◆ **Task to complete**: Reproduce exactly the lines of the material beneath, from the line that contains "This is a Tokidoki" to the line that contains "Harina de algarroba, harina", both included, and no other lines.

◆ **Provided entries**:
>>>

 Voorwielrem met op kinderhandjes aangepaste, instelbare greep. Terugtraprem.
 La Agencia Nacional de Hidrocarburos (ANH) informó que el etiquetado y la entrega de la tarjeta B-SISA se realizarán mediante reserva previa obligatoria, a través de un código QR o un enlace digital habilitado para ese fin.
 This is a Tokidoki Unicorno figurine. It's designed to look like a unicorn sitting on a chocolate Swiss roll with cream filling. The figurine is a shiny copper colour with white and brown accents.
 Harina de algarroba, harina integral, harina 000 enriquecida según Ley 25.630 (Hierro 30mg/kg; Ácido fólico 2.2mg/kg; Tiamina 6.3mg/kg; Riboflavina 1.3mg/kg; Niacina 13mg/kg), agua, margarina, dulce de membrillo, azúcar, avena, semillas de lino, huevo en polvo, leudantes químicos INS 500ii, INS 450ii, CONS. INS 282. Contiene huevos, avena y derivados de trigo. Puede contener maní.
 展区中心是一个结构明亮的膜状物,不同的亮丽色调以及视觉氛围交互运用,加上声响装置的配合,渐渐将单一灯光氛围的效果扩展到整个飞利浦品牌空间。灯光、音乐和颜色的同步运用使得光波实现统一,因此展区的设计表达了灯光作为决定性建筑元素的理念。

<<<
>>>

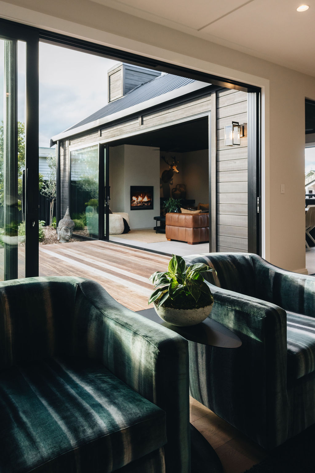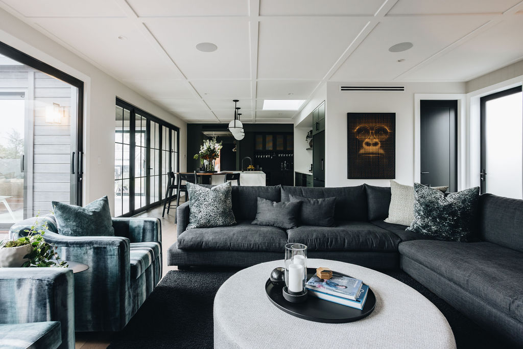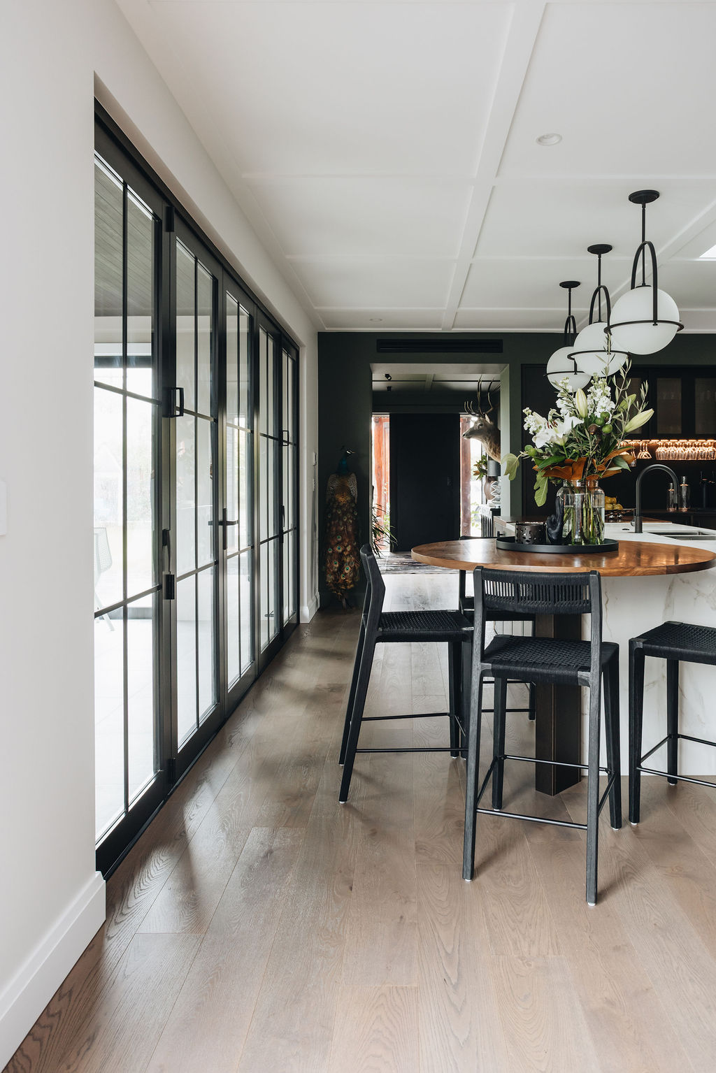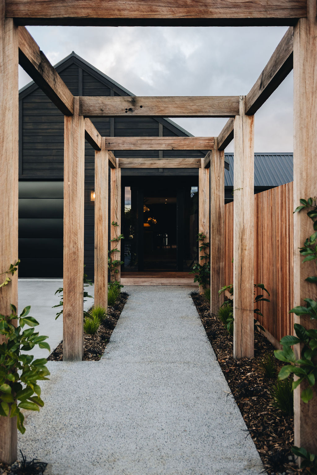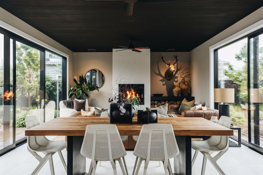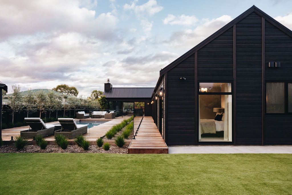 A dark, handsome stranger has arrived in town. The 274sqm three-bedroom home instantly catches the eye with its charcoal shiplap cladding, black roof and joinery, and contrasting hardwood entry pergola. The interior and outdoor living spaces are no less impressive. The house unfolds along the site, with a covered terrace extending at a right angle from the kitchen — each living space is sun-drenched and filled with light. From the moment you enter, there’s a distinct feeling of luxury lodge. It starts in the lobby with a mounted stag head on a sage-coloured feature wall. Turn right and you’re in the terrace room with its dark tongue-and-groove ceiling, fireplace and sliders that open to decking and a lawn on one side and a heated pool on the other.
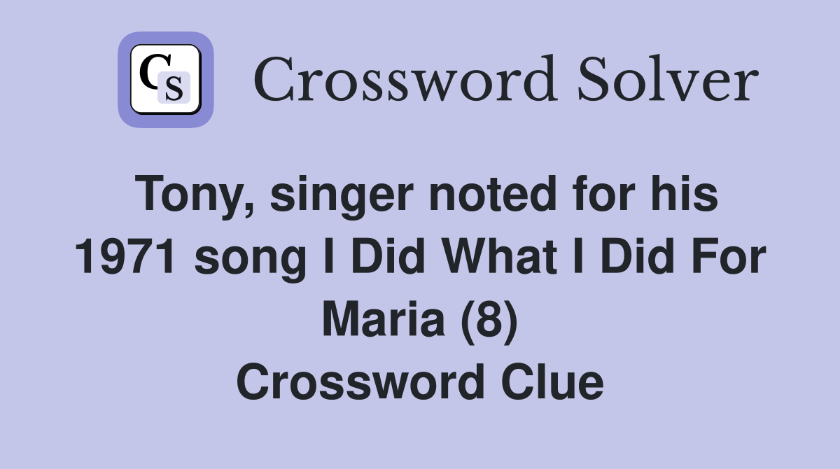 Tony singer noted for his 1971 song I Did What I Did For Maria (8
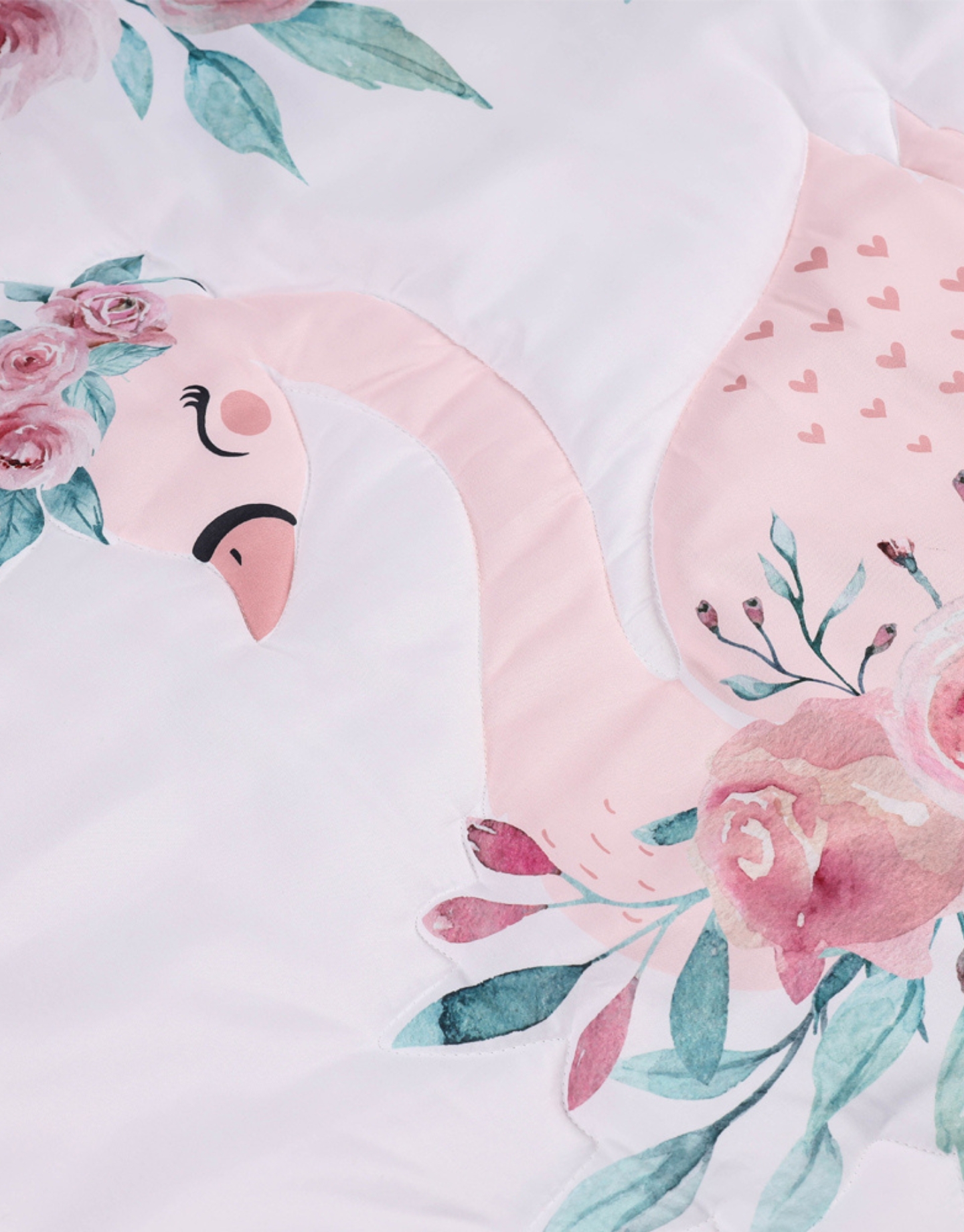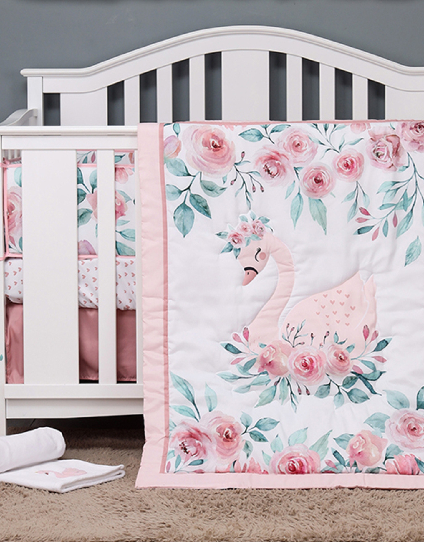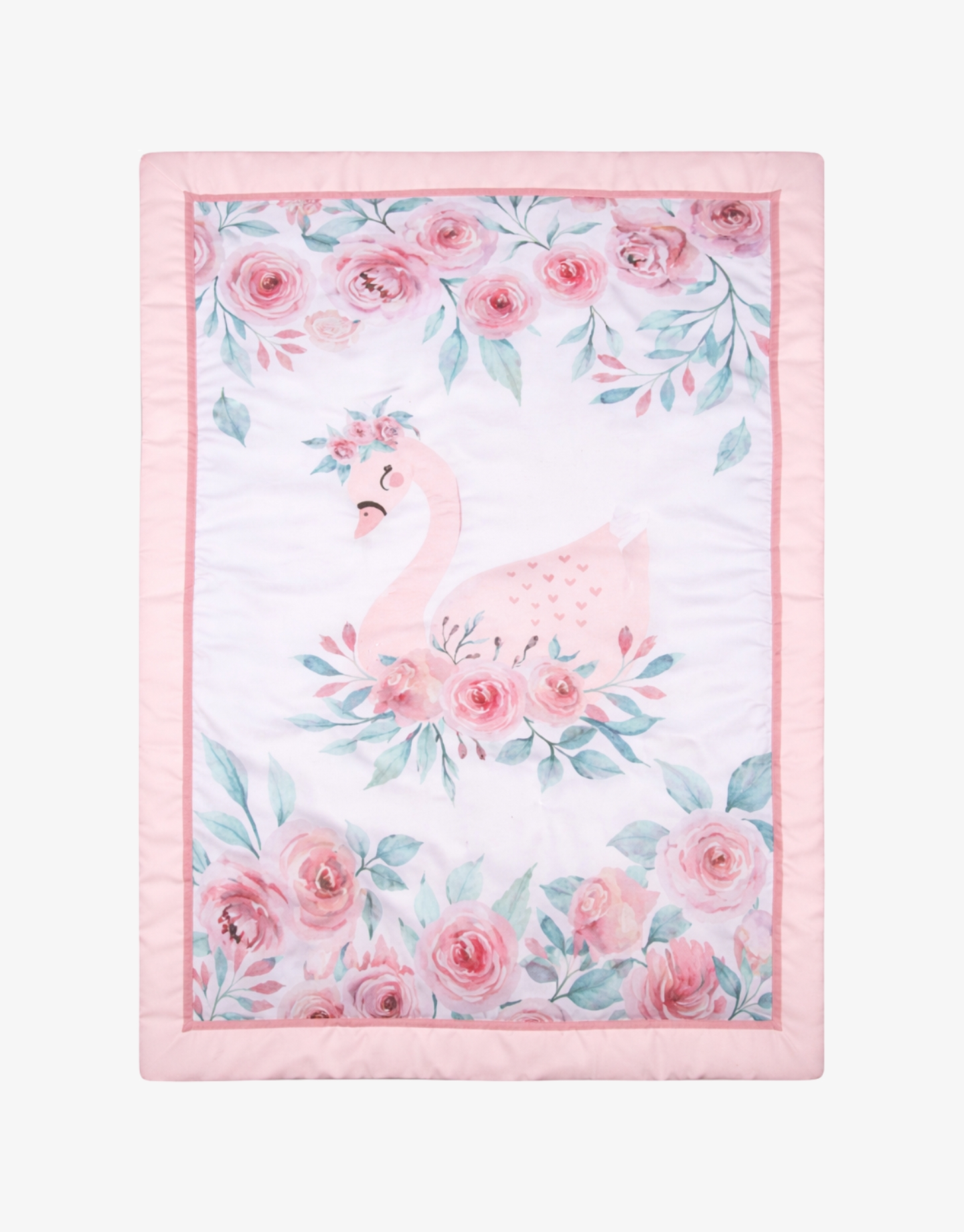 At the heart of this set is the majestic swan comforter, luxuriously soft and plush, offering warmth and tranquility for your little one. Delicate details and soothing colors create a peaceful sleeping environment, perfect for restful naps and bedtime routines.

<<<
>>>

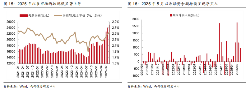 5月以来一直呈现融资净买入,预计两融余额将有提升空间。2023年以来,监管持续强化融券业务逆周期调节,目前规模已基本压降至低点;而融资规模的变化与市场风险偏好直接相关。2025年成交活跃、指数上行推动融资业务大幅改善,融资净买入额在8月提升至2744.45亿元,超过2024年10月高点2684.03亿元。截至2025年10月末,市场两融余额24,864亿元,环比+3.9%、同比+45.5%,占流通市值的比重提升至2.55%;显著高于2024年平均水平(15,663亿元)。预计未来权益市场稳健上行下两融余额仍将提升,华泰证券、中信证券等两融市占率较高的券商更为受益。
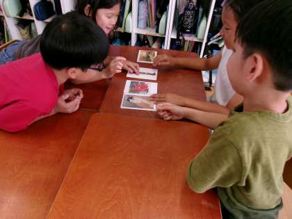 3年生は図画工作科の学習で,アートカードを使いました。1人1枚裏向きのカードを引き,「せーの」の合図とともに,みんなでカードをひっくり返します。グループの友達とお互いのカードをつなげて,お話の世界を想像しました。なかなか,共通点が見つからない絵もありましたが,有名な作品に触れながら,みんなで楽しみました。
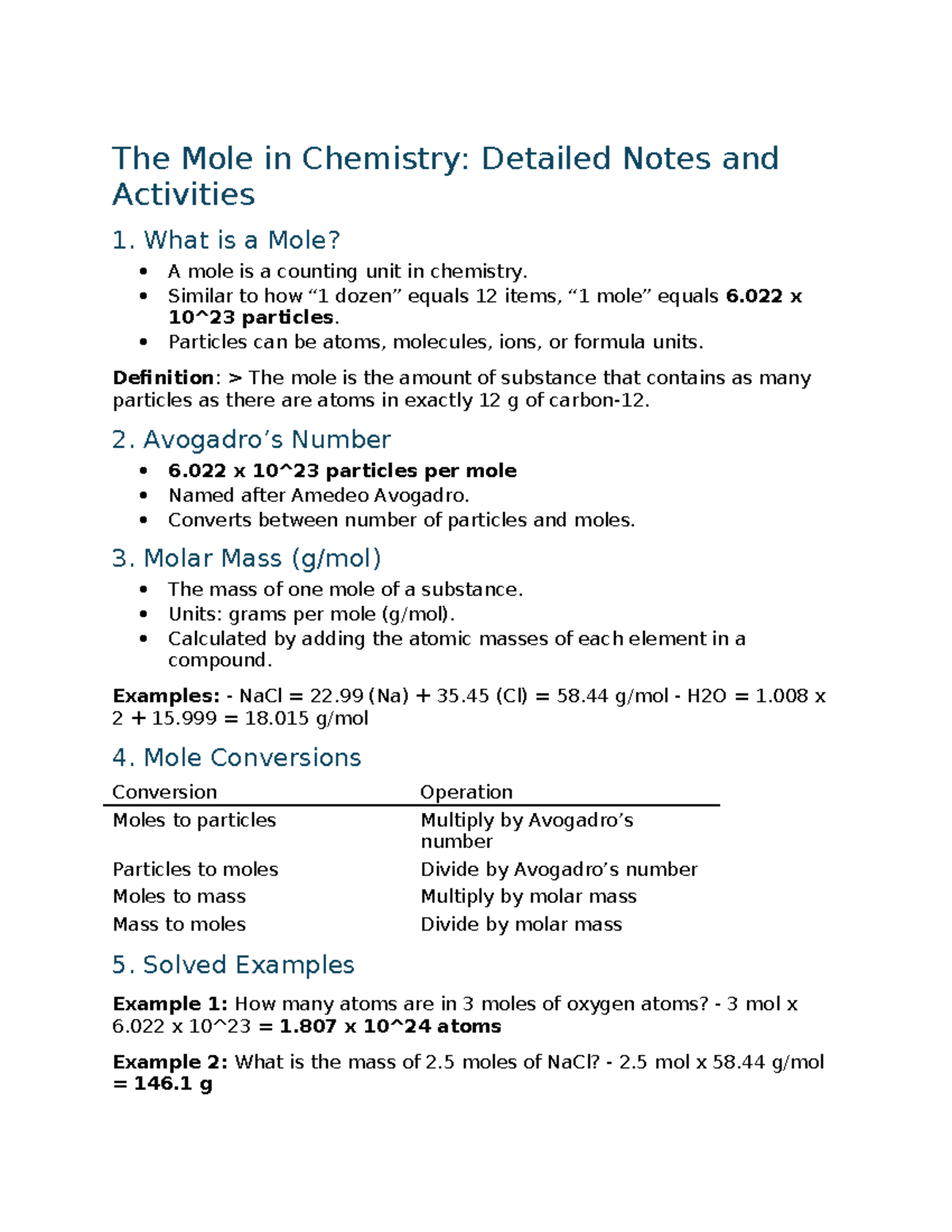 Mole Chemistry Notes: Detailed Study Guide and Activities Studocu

<<<

◆ **Written response**:
 This is a Tokidoki Unicorno figurine. It's designed to look like a unicorn sitting on a chocolate Swiss roll with cream filling. The figurine is a shiny copper colour with white and brown accents.
 Harina de algarroba, harina integral, harina 000 enriquecida según Ley 25.630 (Hierro 30mg/kg; Ácido fólico 2.2mg/kg; Tiamina 6.3mg/kg; Riboflavina 1.3mg/kg; Niacina 13mg/kg), agua, margarina, dulce de membrillo, azúcar, avena, semillas de lino, huevo en polvo, leudantes químicos INS 500ii, INS 450ii, CONS. INS 282. Contiene huevos, avena y derivados de trigo. Puede contener maní.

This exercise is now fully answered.